June 25, 2014 9:00 am

When Quentin Tarantino proclaims a movie to be the best film of 2013 then you know it will probably feature a lot of gore, perfectly developed characters and a superb plot. Winner of awards such as ‘Best Ensemble Cast’ at the Toronto After Dark Film Festival as well as ‘Best Film’ and ‘Best Screenplay’ at the Fantasia Film Festival, among several others, ‘Big Bad Wolves’ is a must watch.wolves-copy

‘Big Bad Wolves’ is an Israeli movie with English subtitles for non-speakers of Hebrew. This film is action packed from the get go. Opening up with a shot of young children playing hide and seek in a deserted forest and abandoned run-down buildings. One young girl wears a bright red coat symbolising her role as Little Red and reinforcing the film’s title. The audience is then shown a flash of a dark coat belonging to a man and as quickly as it comes it’s gone. As the other children are found we begin to wonder what happened to the young girl in red as all that is left in the wardrobe are her red shoes. Next we are introduced to rogue cop Micki, who heads to the scene of the crime, as well as the young girl’s father (Gidi) who is visibly distressed. The young girl has been found brutally murdered tied to a chair and this sets the pair up to target and capture religious school teacher Dror who has been accused of other similar murders. With no evidence and Dror screaming his innocence this leaves you second guessing Micki and Gidi’s version of events.

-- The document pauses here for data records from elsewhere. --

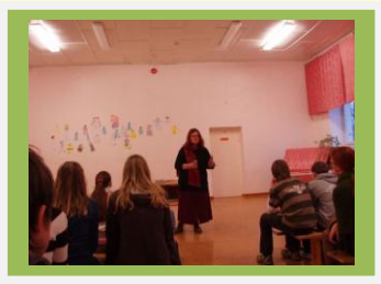
Aidi Vallik esinemas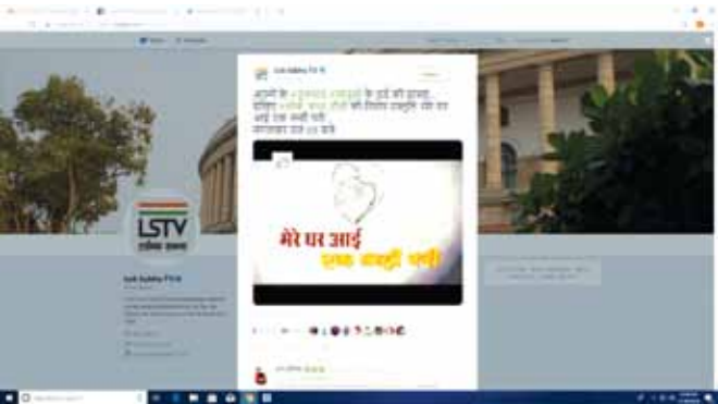
27 अगस्त, 2018 को दत्तक ग्रहण के बारे में लोक सभा टीवी पर प्रसारित 'मेरे घर आई एक नन्ही परी' कार्यक्रम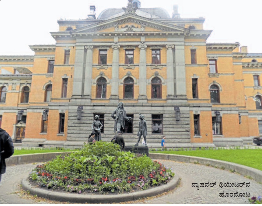
ನ್ಯಾಷನಲ್ ಥಿಯೇಟರ್‌ನ ಹೊರನೋಟ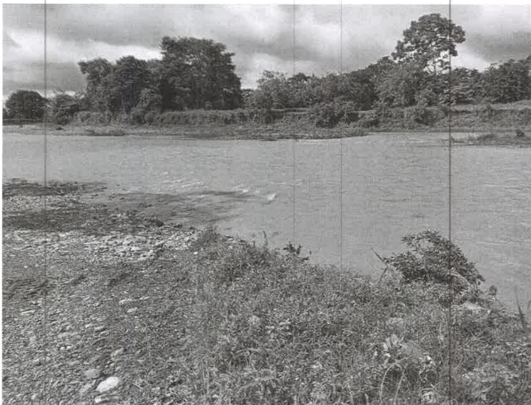
VISTAS DEL RIO SAN FÉLIX PARTE DEL ÁREA DE EXTRACCIÓN DE GRAVA.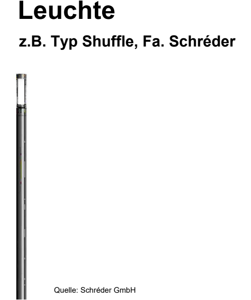
z.B. Typ Shuffe, Fa. Schröder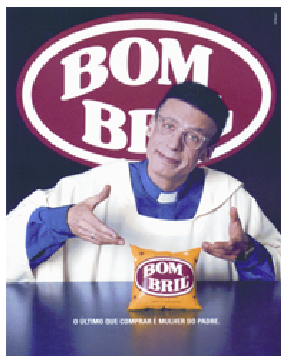
Figura 1 – Pedido/Interpelação

de um personagem que olha nos olhos do leitor, é denominado pedido ou interpelação. É como se o personagem exigisse ou esperasse algo ou alguma ação do espectador daquele anúncio (Figura 1). No anúncio de Bom Bril, o Garoto Bom Bril, que aparece como Padre Marcelo Rossi, parece implorar com benevolência para que o consumidor compre Bom Bril, além disso, o texto verbal fortalece o pedido em tom de ameaça: "o último que comprar é mulher do padre". O segundo caso, quando esse vetor parte do olho do PR mas não acaba nos olhos do PI, é denominado oferta. Nesse caso, o intuito da representação não seria de aproximação, mas, ao contrário, de colocar-se em uma posição que não é a mesma em que o leitor se encontra. Nesse caso, a sedução está em fazer com que o consumidor deseje estar na posição daquele PR, como acontece na Figura 2. No anúncio da grife Someday, o que se pretende, possivelmente, não é uma identificação entre PR e PI, mas sim, um distanciamento proposital, no sentido de que uma aproximação entre eles só aconteceria com a compra e o conseqüente uso das roupas anunciadas.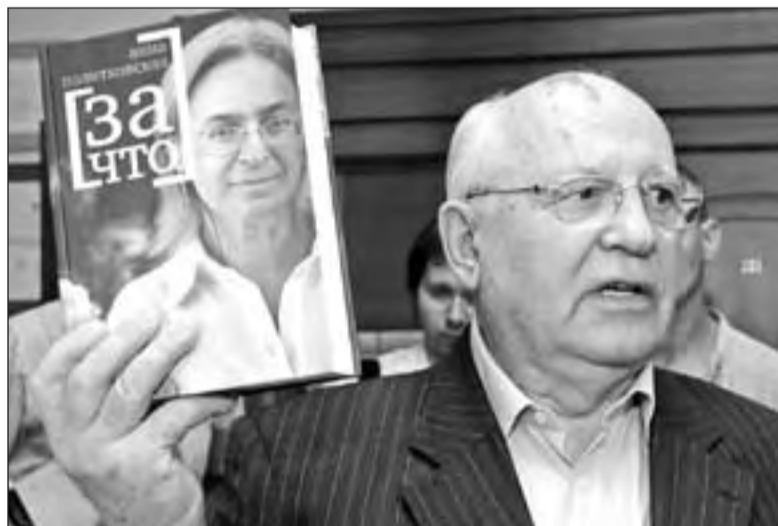
L'antic president soviètic mostra un exemplar de la publicació

L'expresident de la Unió Soviètica, Mijail Gorbaxov, va ser l'encarregat ahir de presentar, a la seu de la seva fundació, a Moscou, el llibre de la periodista assassinada Anna Politkovskaya. El llibre es titula ¿Para qué?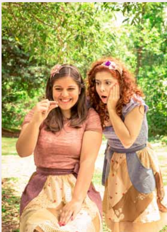
Grupo Três Marias e um João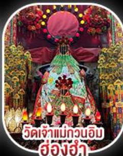
วัดเจ้าแม่กวนอิม สงฮ่า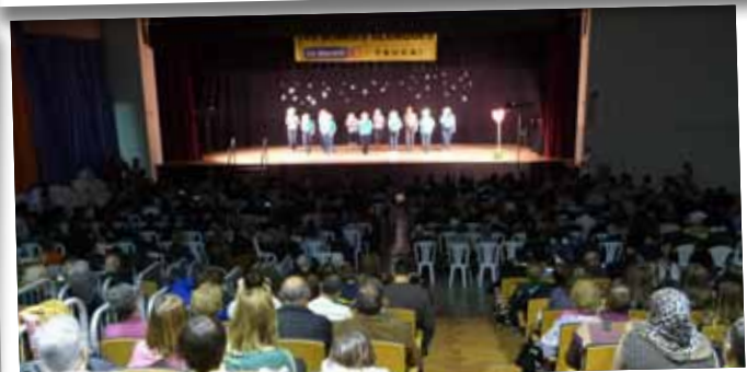
Festival d'entitats en benefici de La Marató de TV3 2014.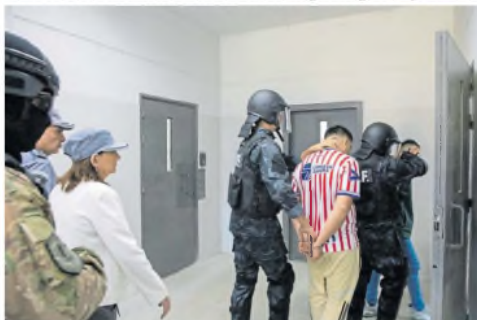
Ayer fueron trasladados los primeros presos al penal de Coronda

completar estudios o avanzar en la práctica de oficios. El complejo carcelario alojará a adultos varones, condenados y procesados, y fue denominado Eusebio Gómez en homenaje al jurista que entre 1923 y 1928 dirigió la Penitenciaría Nacional de Buenos Aires. Las camas y otras partes del mobiliario fueron fabricados por presos, en talleres ubicados en otros presidios.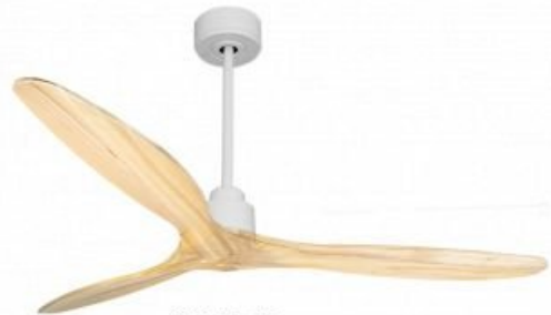
Montaje con barra de 60 cm opcional En opción de 60 Cm Down rod 60 Cm Option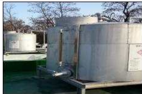
암모니아수 보관탱크(화장로 구관 및 신관)

This movie leaves you with an uncomfortable question of what you would do in the same situation. Are the actions of father Gidi acceptable? What point does he go too far? ‘Big Bad Wolves’ is a masterpiece of tension and full of edge-of-your-seat moments.

This movie is perfect for fans who like their thrillers with plenty of blood. Its graphic scenes of torture are certainly not for the faint-hearted. As the killer decapitates his victims and hides the heads Gidi decides that the only way he will be able to give his daughter a proper burial is if he tortures Dror into revealing his whereabouts. Gidi hands Micki a pair of pliers and a hammer and it is suddenly clear that he wishes to break Dror’s fingers; ‘Miki: “It might look like I’m enjoying this, and maybe I am in a way… but believe me, I’d be happy to stop breaking your fingers. Now would you please start talking!”

This is an important scene to note as there is no going back once they begin to break Dror’s fingers and do they have any right to torture him for the information? However, writers Keshales and Papushado know exactly when to throw in splashes of dark humour, such as when Gidi’s mother calls him mid-way through torturing Dror.

With the perfect balance of horror and comedy, ‘Big Bad Wolves’ will leave you thinking about it for days afterwards.